The answer to the question, when is someone with an eating disorder "ready" for treatment? is just as elusive for those suffering from the disorder from as it is for any observer.
When asked this, sophomore Mandy (not her real name) throws her head back and chuckles. "You're clearly asking the wrong person," Mandy said. Having lived with a combination of anorexia and bulimia for nearly four years, she is not unfamiliar with therapy.
"I've been in and out of therapy ever since my high school dean found out and told my parents," she said. "I even tried talking to someone here [at Tufts], but it never worked."
There are many reasons for why people actively choose to continue their disordered eating. Often, a person with an eating disorder is cognizant of the consequences of their actions. "Just like a druggie knows what they're doing is harming their bodies -- they just think that the rewards are worth the cost," Mandy said. "I know what I'm doing... I just think that the price I pay is worth keeping the weight off."
"Besides, the little nagging voice in the back of my mind saying 'tomorrow, worry about the consequences tomorrow' doesn't help either," she added.

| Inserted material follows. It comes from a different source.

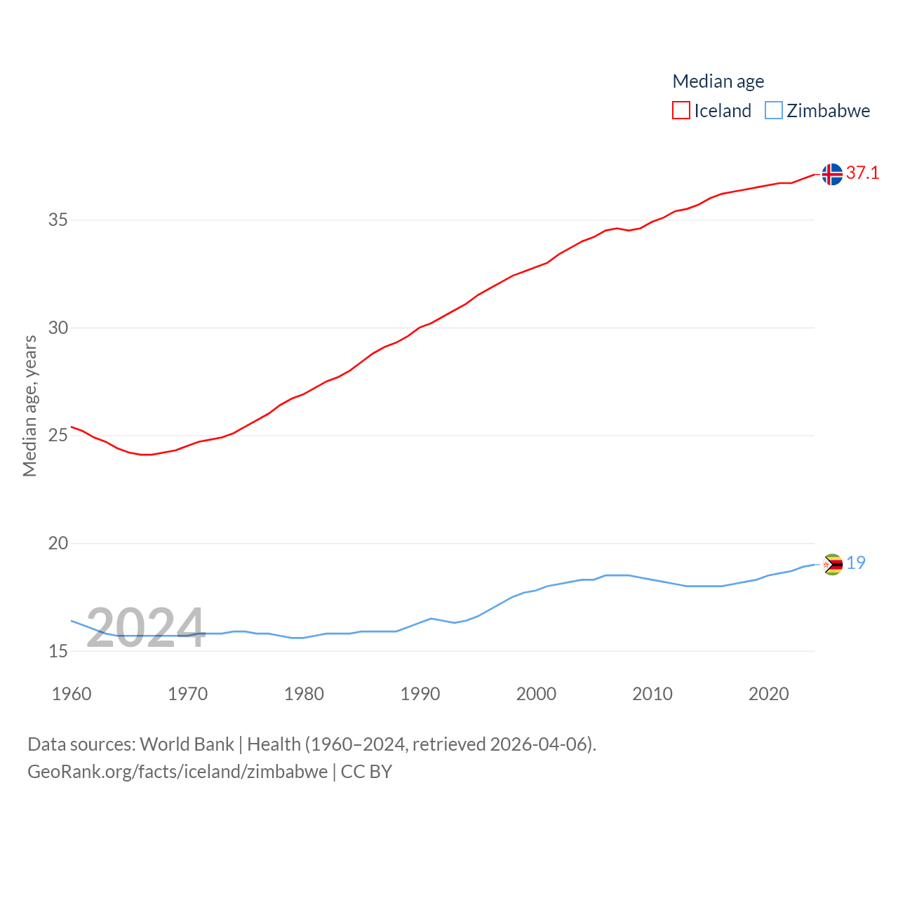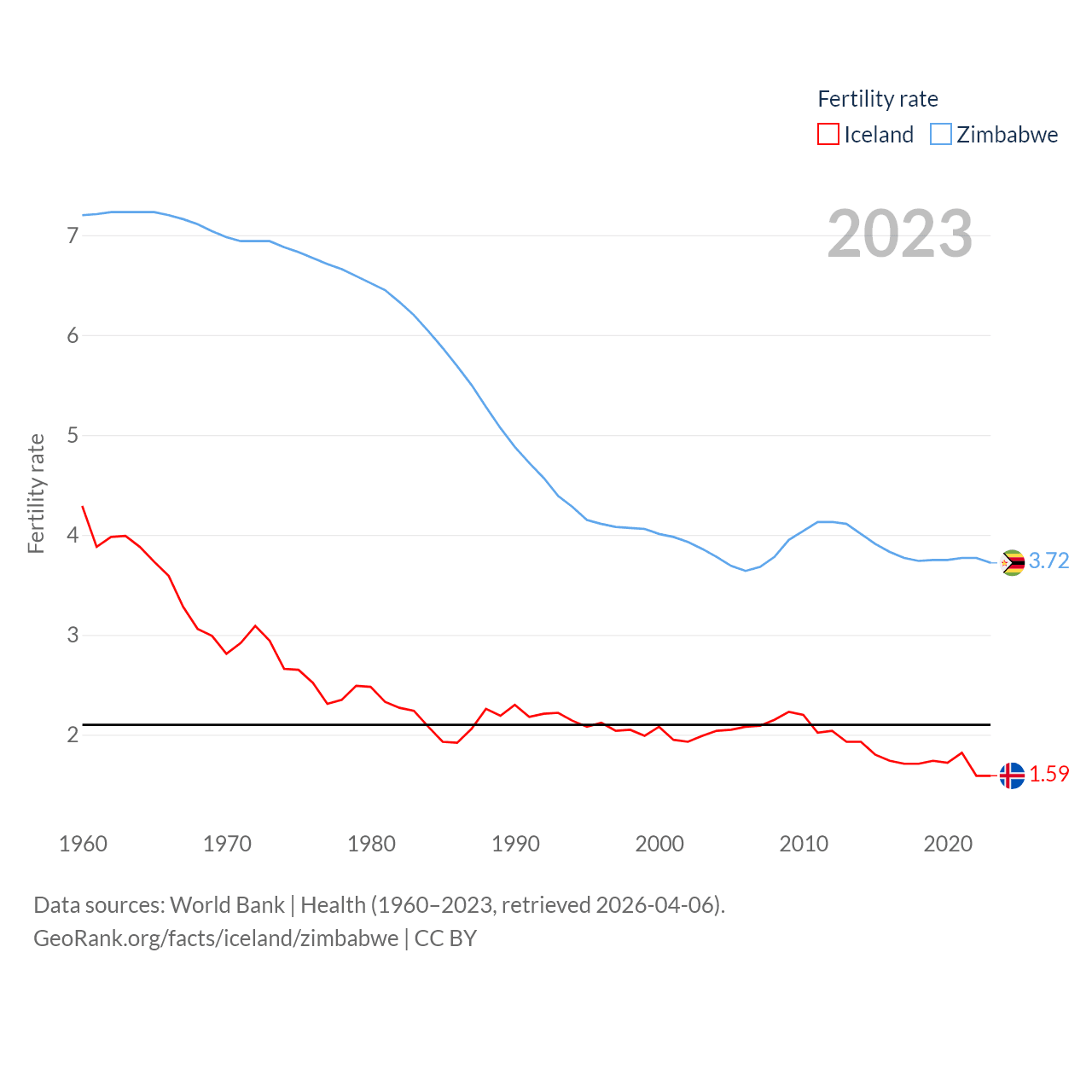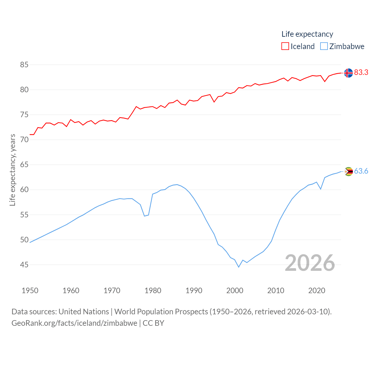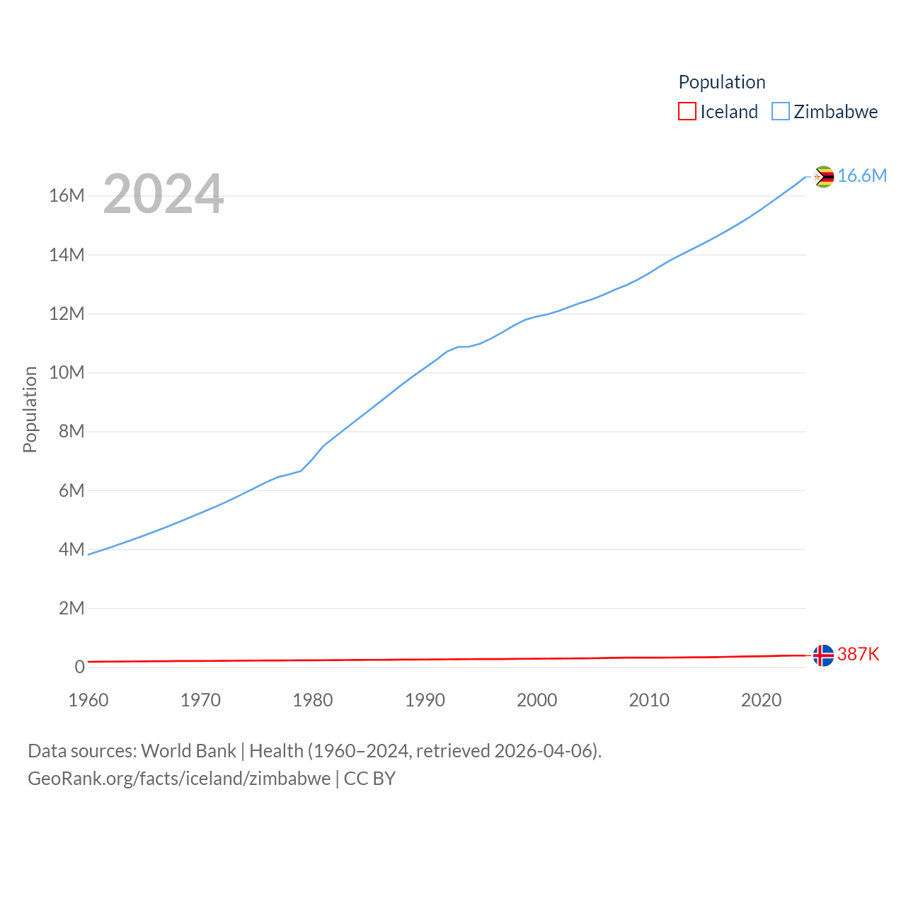 Iceland has a population of 387K (ranked 173/197), compared with 16.6M in Zimbabwe (ranked 74/197). Iceland's land area is 38,931 sq mi versus 149,364 sq mi for Zimbabwe (ranked 104th vs. 60th).

Guilt and fear are further reasons for why people with eating disorders are reluctant to see help says Mandy. "I felt really, really horrible for my parents," she said. "It's hard enough on them for them to know that their daughter does something as unnatural as throwing up what she eats. Now they have to pay over a hundred bucks per therapy session?"
Mandy decided that she would "figure things out" on her own time instead of attending the costly therapy sessions. "...at least, I won't be going back [to therapy] till I'm ready to commit myself to making changes," she said. "At least then, the money's being put to good use."
Living en masse at college may actually give people like Mandy more privacy than expected. "It's easy to make up excuses about late lunches or eating with someone else or even having too much work to do -- it's all believable so no one can really question where you were at dinner time," Mandy said.
Living in a dorm also serves to take the scrutiny and attention off any one person. For example, the same single bathrooms in dorms that give students the privacy to throw up when they're drunk also give people with bulimic tendencies to purge in complete secrecy as often as they want, no questions asked.
In reality, between getting lost in the crowd during meal times and hiding amongst all the fitness gurus at the gym, it's just as easy to under eat and over exercise as it is to overeat and be a lazy bum -- it just takes a lot more self-control and planning.
But this lifestyle is just the 'now' lifestyle. What happens when tomorrow finally comes and consequences must finally be faced?
"I try not to think about that," Mandy admits. "Hopefully, a light will switch on in my head and I'll have a sudden desire to recover before anything serious happens. Perhaps I'm being fatalistic, but I wonder what it would take to set me back on the right track."